Keeping Dead Animals to Study the Web of Life

Bianca Brooks on Monday, Feb. 13th

“Crack!” “Crunch!” “Snap!”
Those are just a few of the gross sounds the bones made when I took a turn “preparing” a dead Cooper’s Hawk at the latest Brains and Beakers, Youth Radio’s series of live science experiments. The scientist presenting was Monica Albe, the Senior Museum Scientist at UC Berkeley’s Museum of Vertebrate Zoology.  If you’ve never heard of the museum, it’s probably because it’s closed to the public — only scientists and other researchers have access to the hundreds of thousands of bones and skins that make up its collection.  As head of the specimen preparation lab, Albe is the person in charge of preserving these body parts from the dead animals, most of them road kill or electrocuted organisms that get sent to the museum.
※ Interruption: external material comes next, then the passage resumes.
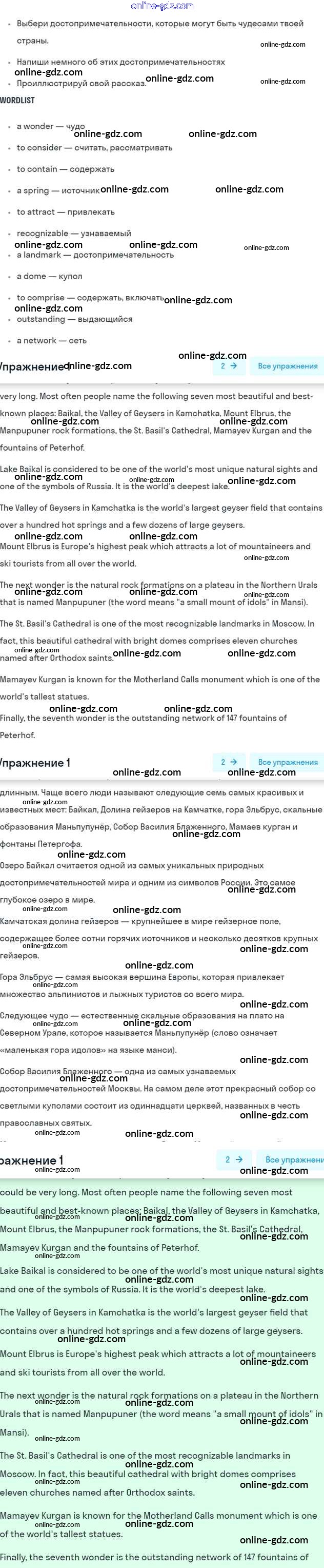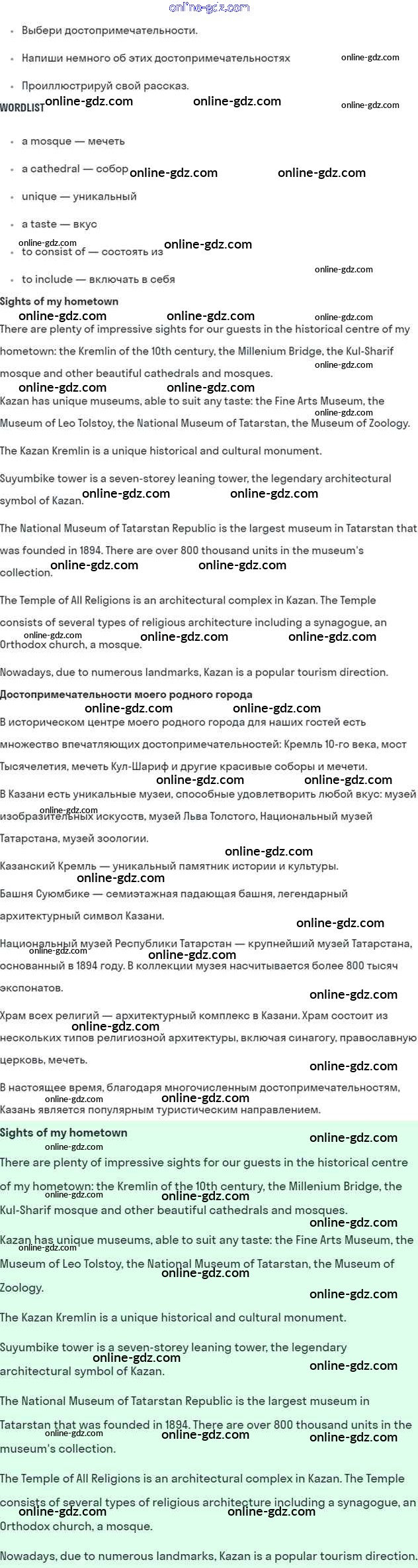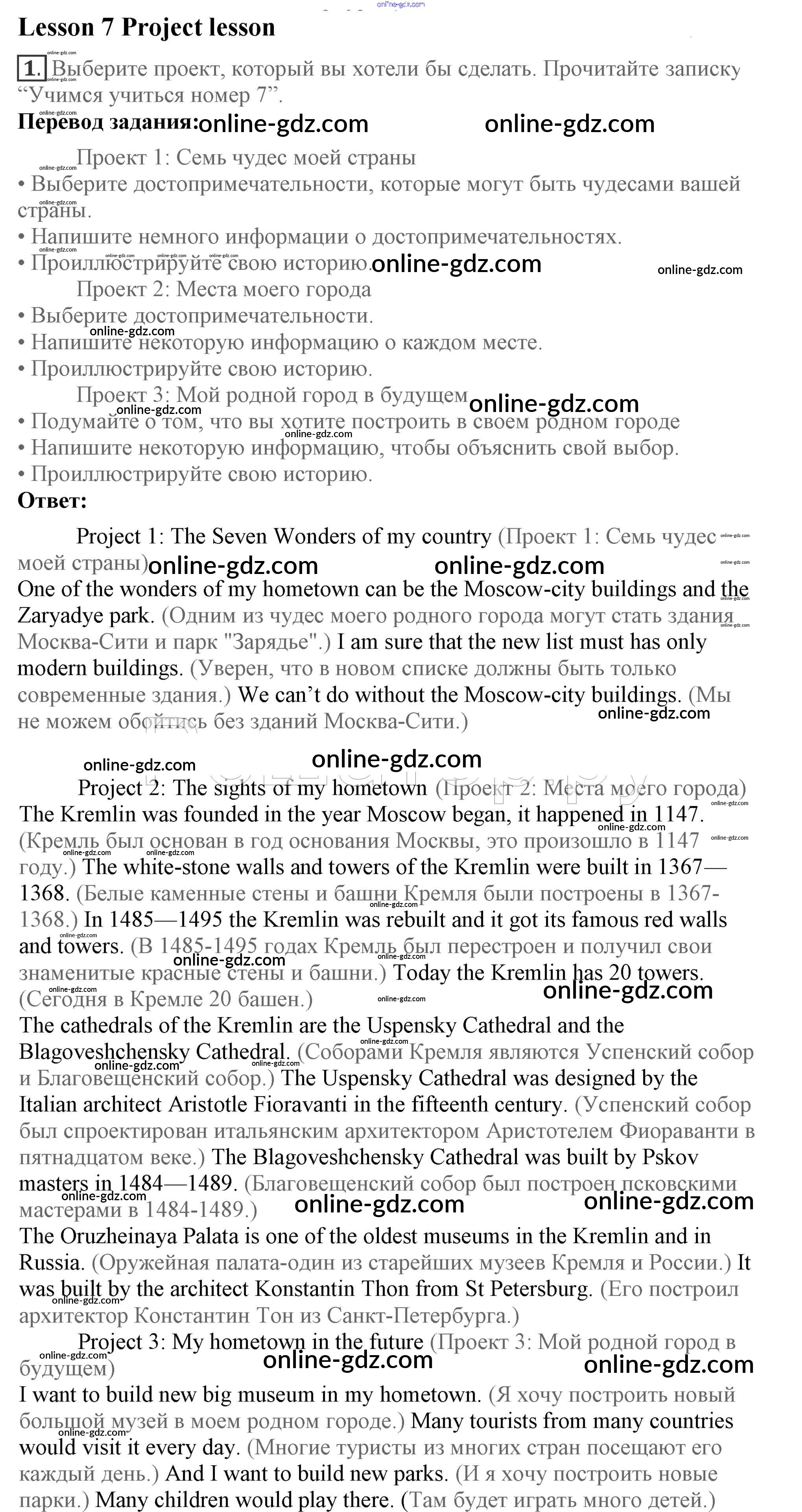 Готовые домашние задания по Английскому языку за 7 класс Учебник Кузовлев, Лапа УМК 2015 - Lesson 7 Unit 9. What are the most famous sights of your counry? 1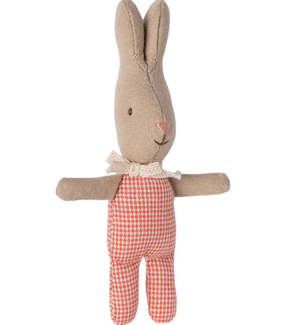 Sød Maileg bamse formet som en beige kanin med ternet tøj i rød og hvid, samt en rosa sløjfe bundet om halsen.

“The whole reason we have this museum,” Albe told the audience of Youth Radio students and interns, “is to document the world’s biodiversity so in the future, when we need to maintain parks or problem solve new invasive diseases, we have some kind of resource to study the animals.”
Watching Albe’s presentation, it hit home how practically important biodiversity is in our everyday lives. Non-human organisms are the indicators of the conditions of our environment, so protecting them is vital to taking care of our Earth. I learned that documenting the deaths of certain species can help us to monitor the populations of other plants and animals from the same ecosystem, and help us to know the state the natural habitat we all share.